Machine Learning: Visual Identification of Damage Box
This project was developed using ".ipynb" files that were written in Portuguese, therefore, its repository contains the files in this same language.
To access the project repository, with all it's files in Portuguese, click HERE
The ".ipynb" used to develop the project is called "machine_learning_damaged_boxid.ipynb". You can also click onto the Google Colaboratoy Link for project visualization
To be able to execute the .ipynb file, it is necessary to execute a process.
- Access the Google Drive link to download "dataset-desafio" zipped folder
- Unpack the "dataset-desafio" folder
- Add the .ipynb file to the "dataset-desafio" folder
- Add the "dataset-desafio" folder to the google drive, following the procedure:
- gdrive/MyDrive/Colab Notebooks
- Inside the "dataset-desafio" folder, you will have a folder called "dataset-desafio-MEduarda" that will contain all the results presented when the program was run by me, such as images generated by augmentation, within their respective folders, and the checkpoints saved.
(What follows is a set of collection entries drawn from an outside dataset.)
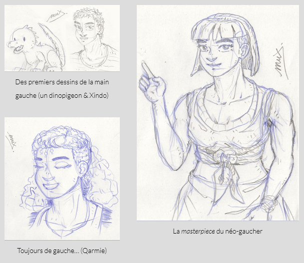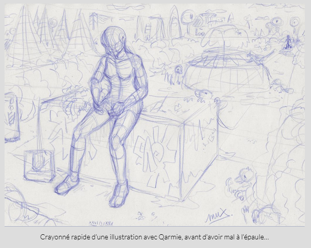Mais impossible de rester à rien faire sans dessiner, j’ai donc tenté d’utiliser mon bras gauche, chose que j’ai très jeune entraîné de temps en temps, au cas où ; utilité confirmée le jour ou mon père avait eu son AVC et son bras dominant HS pour toujours ; mais pour le coup ça faisait longtemps que je n'avais pas pratiqué. Bah… franchement j’ai plutôt été surpris ! Ça demande beaucoup plus de concentration, et maîtriser le trait du crayon reste une épreuve, mais j’arrive à m’approcher au moins structurellement de ce que je dessine avec ma main droite. Un skill utile qu’il faut continuer à exercer ^^’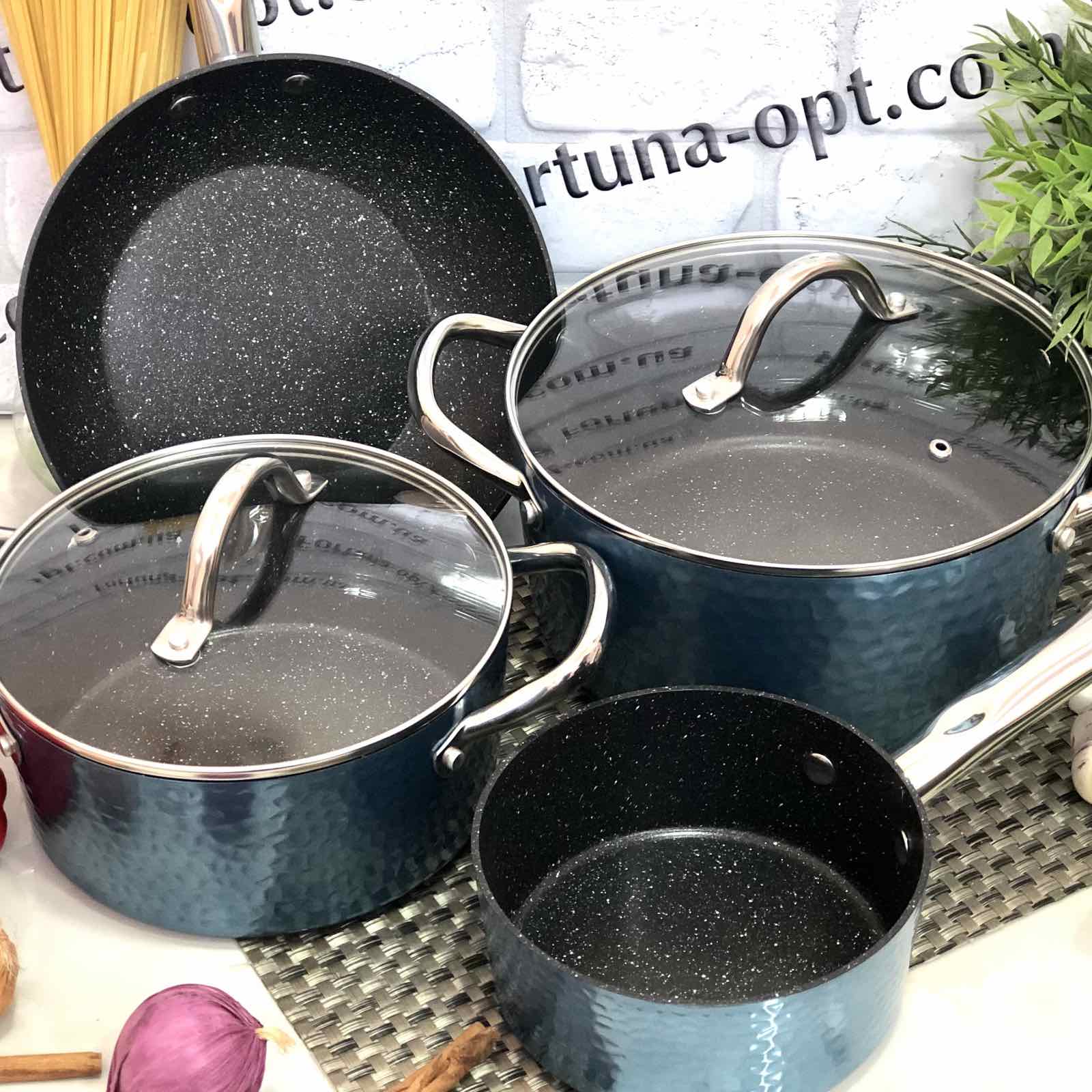 На каждой кухне должен быть удобный набор кастрюль для готовки вкусных блюд. Данный набор A-Plus - 3015 отличается стильным, оригинальным дизайном. Он включает в себя 2 кастрюли разного литража, ковш и сковороду. Изделия выполнены из высококачественного и прочного материала – литого алюминия с с мраморным покрытием, которая является экологически чистой и безопасной для здоровья. Посуда легко очищается от остатков пищи. Изделия имеют нержавеющие ручки с клепочным соединением.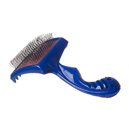 Пуходерка имеет частую тонкую металлическую щетину, удаляет старую шерсть из шерсти и подшерстка, стимулирует волосяные луковицы, придает шерсти здоровый вид, эргономическая ручка с упором под большой палец.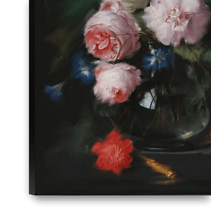 Dynamic still life with flowers in a glass vase, after the work of Jan Davidsz. de Heem, from 1650 - 1683, from the Rijksmuseum collection. But in a cleaned up, modern version. More colorful, contrasting and expressionistic.
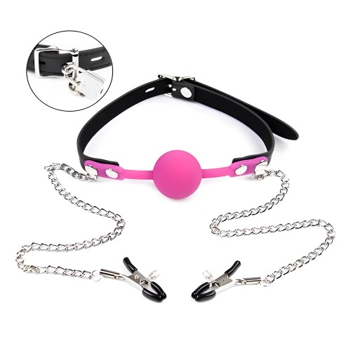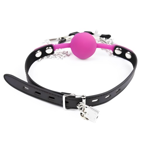 Кляп невозможно выплюнуть, он надежно фиксируется при помощи ремешка, который регулируется с помощью пряжки и фиксируется замочком.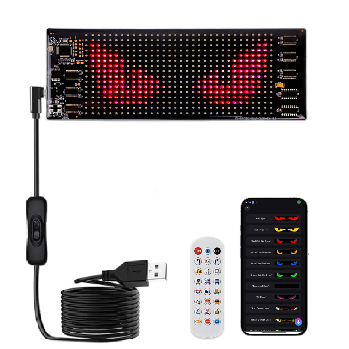 LED Matrix Display Panel, Devil Eyes Light for Cars Windshield, Programmable LED Scrolling Sign, Advertising Sign with Remote + APP+ Voice Control, DIY Pattern Animation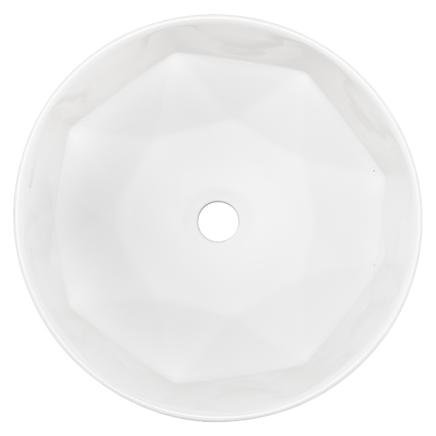 Vasque à poser de forme ronde en céramique, finition blanc brillant, design intérieur unique en forme de diamant. Cette forme facettée reflète élégance et modernité, apportant une touche précieuse à votre salle de bain.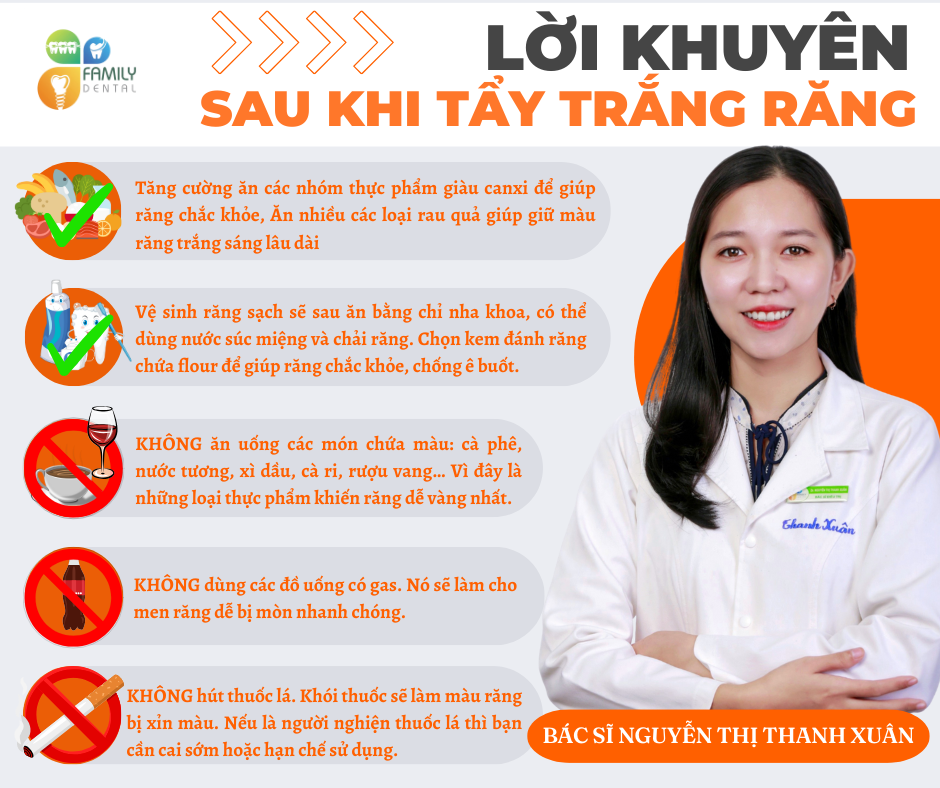 Hiệp hội Nha khoa Hoa Kỳ (ADA) khuyến nghị nếu bạn chọn tẩy trắng răng, bạn nên tham khảo ý kiến ​​bác sĩ trước, có thể đưa ra các lựa chọn làm trắng tốt nhất cho bạn và giám sát một kế hoạch điều trị để tránh các biến chứng.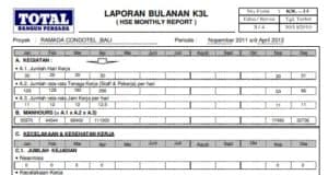 CONTOH LAPORAN BULANAN K3L ( HSE MONTHLY REPORT )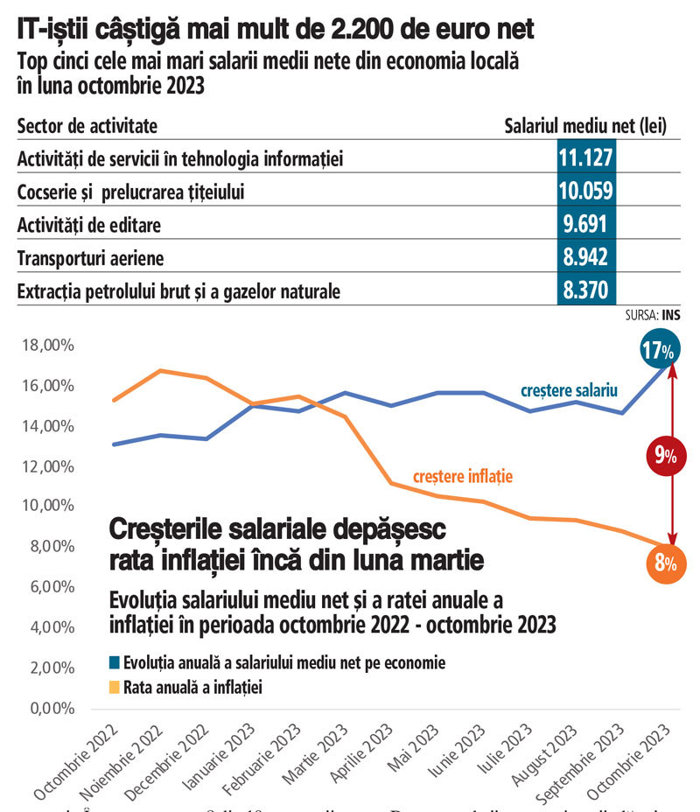 Cea mai mare diferenţă de creştere a salariilor (plus 17%) faţă de inflaţie (8%) de la ultima perioadă. Salariul mediu net a crescut cu mai mult de 17% în octombrie faţă de octombrie anul trecut, până la 4.700 de lei. Inflaţia a rămas, de mult, în urmă la doar 8%

This page will present, in English, the project's goal, the process used to develop it and the results.
Project Goal
- The project has the goal to develop machine learning models which purpose is to identify and classify damaged packets from pictures
- Three models were generated as a comparison metric, to identify the one that best met the objective
- The data were given during the post-graduate course and the images were generated artificially
Project Development
- The technical development of this project was divided into four phases:
- Data Load
- Pre-processing data
- Model Training
- Interpretability Map
Data Load
- The data was loaded correctly, as explained above and inserted into "gdrive/MyDrive/Colab Notebooks"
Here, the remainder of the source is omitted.